Work order
Write the data out again exactly, with no pictures.

Recorded information
--------

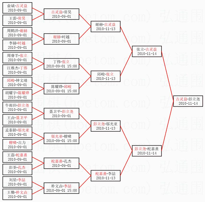 1.古灵益获得冠军,彭立尧获得亚军。决赛比分:古灵益1:0彭立尧。棋局:
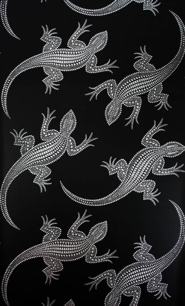 Komodo wallpaper design An exotic lizard printed on holographic foil with a glittering jewel inlaid effect.
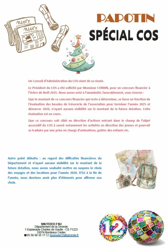 Le PAPOTIN Spécial COS N°12 par Isabelle Mathieu | Nov 5, 2025 | COS, Le Département de la Gironde, Les actualités | 0 commentaires FacebookPost on XFollow usSave Poster le commentaire Annuler la réponseVotre adresse e-mail ne sera pas publiée. Les champs obligatoires sont indiqués avec *Commentaire * Nom * E-mail * Site web Enregistrer mon nom, mon e-mail et mon site dans le navigateur pour mon prochain commentaire. Δ

--------

Answer box
 1.古灵益获得冠军,彭立尧获得亚军。决赛比分:古灵益1:0彭立尧。棋局:
 Komodo wallpaper design An exotic lizard printed on holographic foil with a glittering jewel inlaid effect.
 Le PAPOTIN Spécial COS N°12 par Isabelle Mathieu | Nov 5, 2025 | COS, Le Département de la Gironde, Les actualités | 0 commentaires FacebookPost on XFollow usSave Poster le commentaire Annuler la réponseVotre adresse e-mail ne sera pas publiée. Les champs obligatoires sont indiqués avec *Commentaire * Nom * E-mail * Site web Enregistrer mon nom, mon e-mail et mon site dans le navigateur pour mon prochain commentaire. Δ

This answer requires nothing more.